Large Language Models (LLMs) are increasingly used to simulate human users in interactive settings such as therapy, education, and social role-play. While these simulations enable scalable training and evaluation of AI agents, off-the-shelf LLMs often drift from their assigned personas, contradict earlier statements, or abandon role-appropriate behavior. We introduce a unified framework for evaluating and improving persona consistency in LLM-generated dialogue. We define three automatic metrics: prompt-to-line consistency, line-to-line consistency, and Q&A consistency, that capture different types of persona drift and validate each against human annotations.

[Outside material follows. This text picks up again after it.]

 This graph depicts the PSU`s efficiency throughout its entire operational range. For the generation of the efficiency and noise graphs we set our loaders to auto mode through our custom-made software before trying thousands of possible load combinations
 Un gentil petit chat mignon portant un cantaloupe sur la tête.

Using these metrics as reward signals, we apply multi-turn reinforcement learning to fine-tune LLMs for three user roles: a patient, a student, and a social chat partner. Our method reduces inconsistency by over 55%, resulting in more coherent and faithful simulated users.

Paper Structure

This paper contains 53 sections, 3 equations, 5 figures, 10 tables.

Figures (5)

  • Figure 1: We begin by generating dialogue with open-source instruction-tuned models conditioned on user persona/strategy prompts. We then evaluate the generated conversations using three metrics: prompt-to-line consistency which checks alignment with the initial persona, line-to-line consistency which detects contradictions within a conversation; and Q&A consistency which probes for stable beliefs and strategy over time. Finally, we perform multi-turn RL fine-tuning with these metrics to achieve greater consistency in dialogue.

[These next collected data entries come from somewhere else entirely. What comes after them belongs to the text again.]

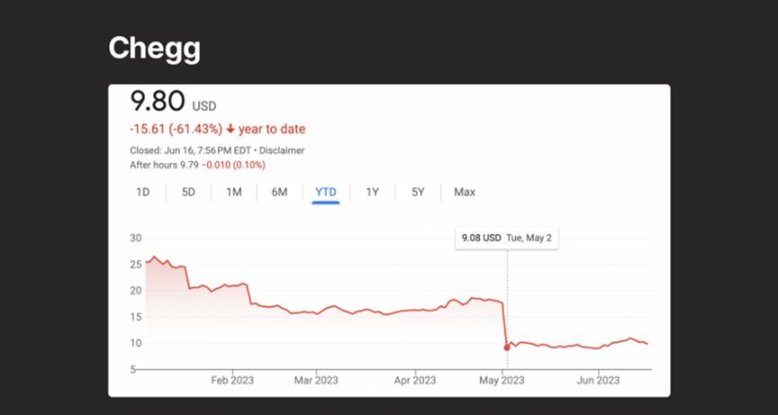 另外一家公司是Chegg。这是一家美国在线教育公司,主要业务是帮孩子解答和辅导作业。这个业务形态很好理解,有些类似我们国内的猿辅导和作业帮。Chegg的CEO在公司Q1的财报电话会议上表示,有越来越多平台上的学生转向ChatGPT问问题,公司收入受到了影响,股价腰斩。这时投资者都预计GPT的影响会越来越大,Chegg这种公司根本没有力量抗衡。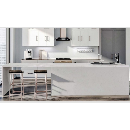 4037 Carrara Girgio Quarz vereint die klassische Schönheit von Carrara-Marmor in einer raffinierten, modernen Form. Mit seinen hellgrauen Adern, die sich elegant über die sanftweiße Oberfläche erstrecken, verleiht dieser Quarz zeitlose Eleganz. Die natürliche Maserung sorgt für Tiefe und Raffinesse und macht ihn zur idealen Wahl für traditionelle wie moderne Räume. Carrara Girgio ist perfekt für alle, die sich einen luxuriösen, hochwertigen Look mit dauerhafter Anziehungskraft wünschen.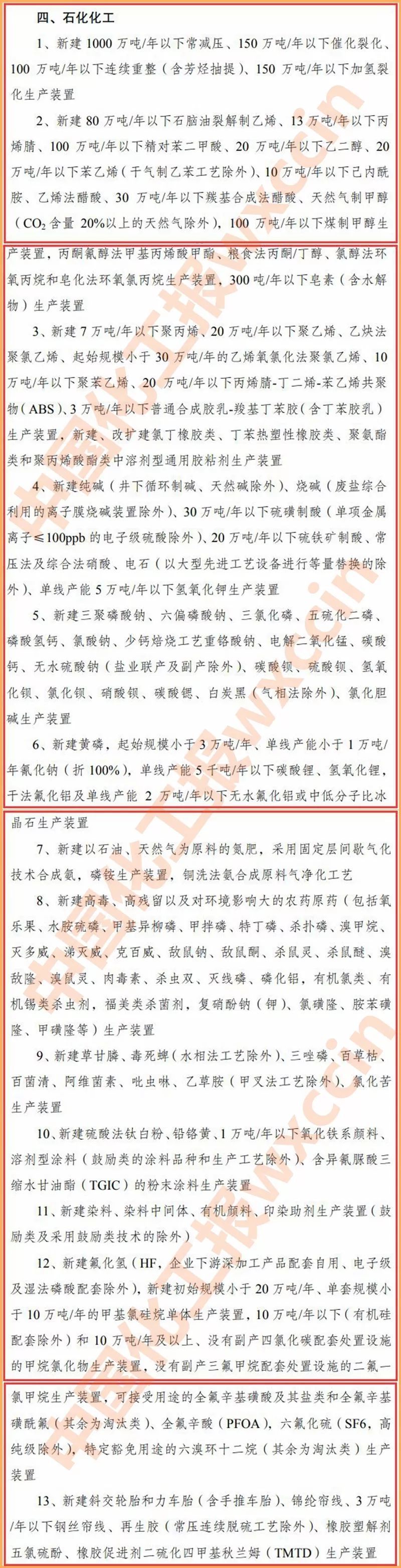 石化化工行业鼓励类有17大类,比征求意见稿少了3大类,包括:高标准油品生产技术开发与应用,煤经甲醇制对二甲苯;硫、钾、硼、锂、溴等短缺化工矿产资源勘探开发及综合利用;零极距、氧阴极等离子膜烧碱电解槽节能技术、废盐酸制氯气等综合利用技术、铬盐清洁生产新工艺的开发和应用;10 万吨/年及以上离子交换法双酚 A、15 万吨/年及以上直接氧化法环氧丙烷、20 万吨/年及以上共氧化法环氧丙烷、万吨级己二腈生产装置;高效、安全、环境友好的农药新品种、新剂型、专用中间体、助剂的开发与生产;染料、有机颜料及其中间体清洁生产、本质安全的新技术等。

  • Figure 2: Examples of inconsistencies detected by our evaluation metrics. Each panel highlights a different form of consistency failure across tasks. Left: Prompt-to-line inconsistency in Open-ended conversation where the agent contradicts its persona background. Middle: Line-to-line inconsistency in Education task where the student gives conflicting responses within the same conversation. Right: Q&A consistency failure in Mental Health Task where the agent’s self-reported feelings conflict with its stated beliefs.

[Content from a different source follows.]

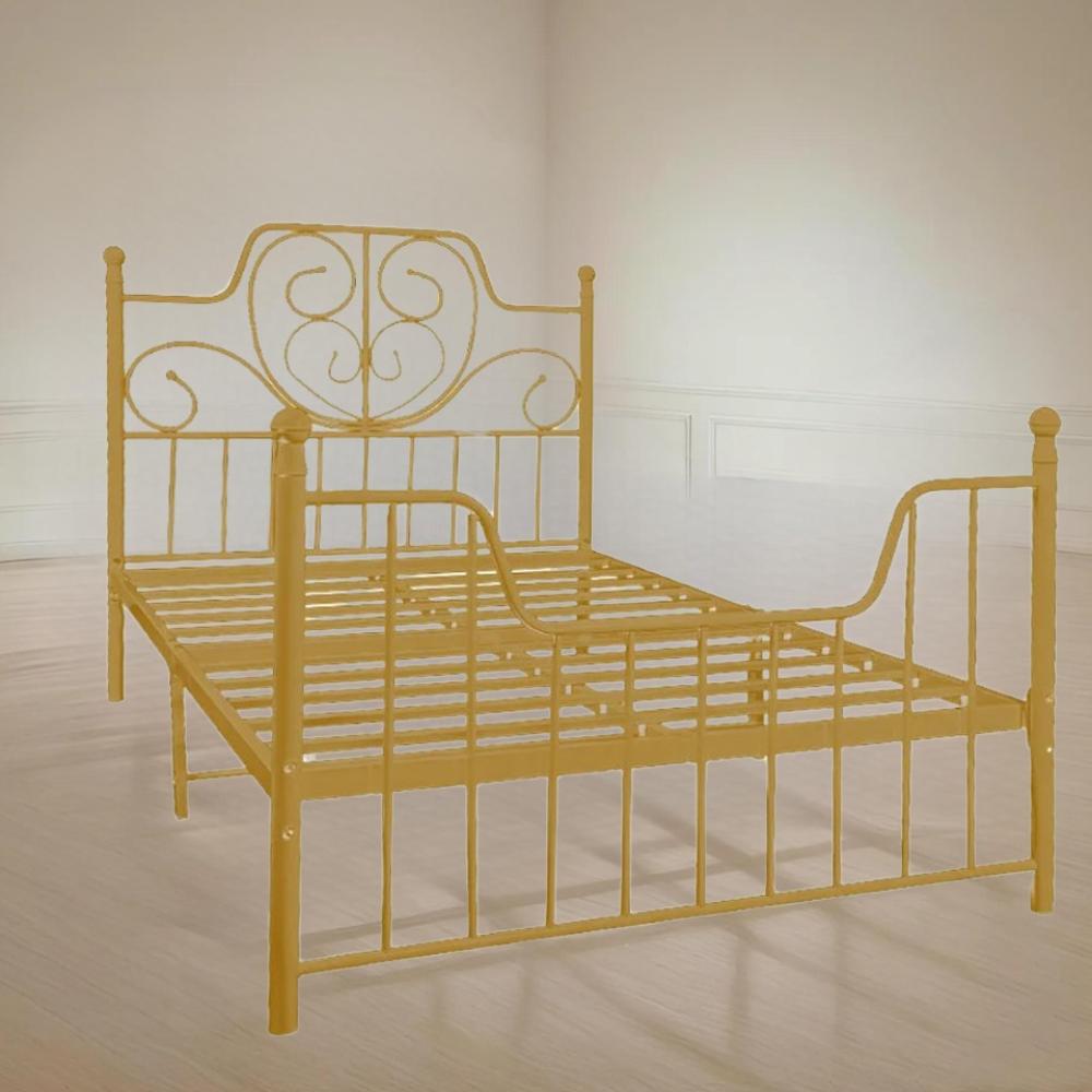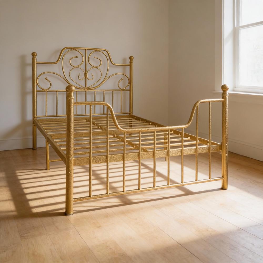 - مظهر فاخر بفضل اللون الذهبي مع التصميم المزخرف يمنحان سرير حديد ذهبي طابعًا ملكيًا.

  • Figure 3: Pairwise consistency agreement across metrics and tasks. Each heatmap shows the fraction of utterances where two consistency metrics agree in their classification (consistent vs. inconsistent) averaged across models. We observe strong alignment between prompt-to-line and line-to-line consistency but weaker agreement with Q&A consistency, indicating surface-level coherence without stable long-term beliefs. We also observe task-specific trends, such as stronger alignment in Education dialogues and more conflicting patterns in Mental Health, demonstrating the importance of using complementary metrics to evaluate consistency.
  • Figure 4: Prompt Consistency Across Fine-Tuning Methods. We compare prompt-to-line consistency metric for four methods—baseline Llama-8B-instruct model, supervised fine-tuning (SFT), Kahneman-Tversky Optimization (KTO), and Proximal Policy Optimization (PPO, ours) across open-ended conversation, education, and mental health tasks (mean/std shown). PPO achieves the highest consistency in all tasks, with particularly strong gains in education and mental health.
  • Figure 5: Conversation length vs. consistency across three metrics. Each subplot shows the mean score (with error bars) for Llama-3.1-8B-Instruct, gemma-2-2b-it and mistral-instruct at varying conversation lengths: (a) prompt consistency, (b) line-to-line consistency, (c) Q&A consistency.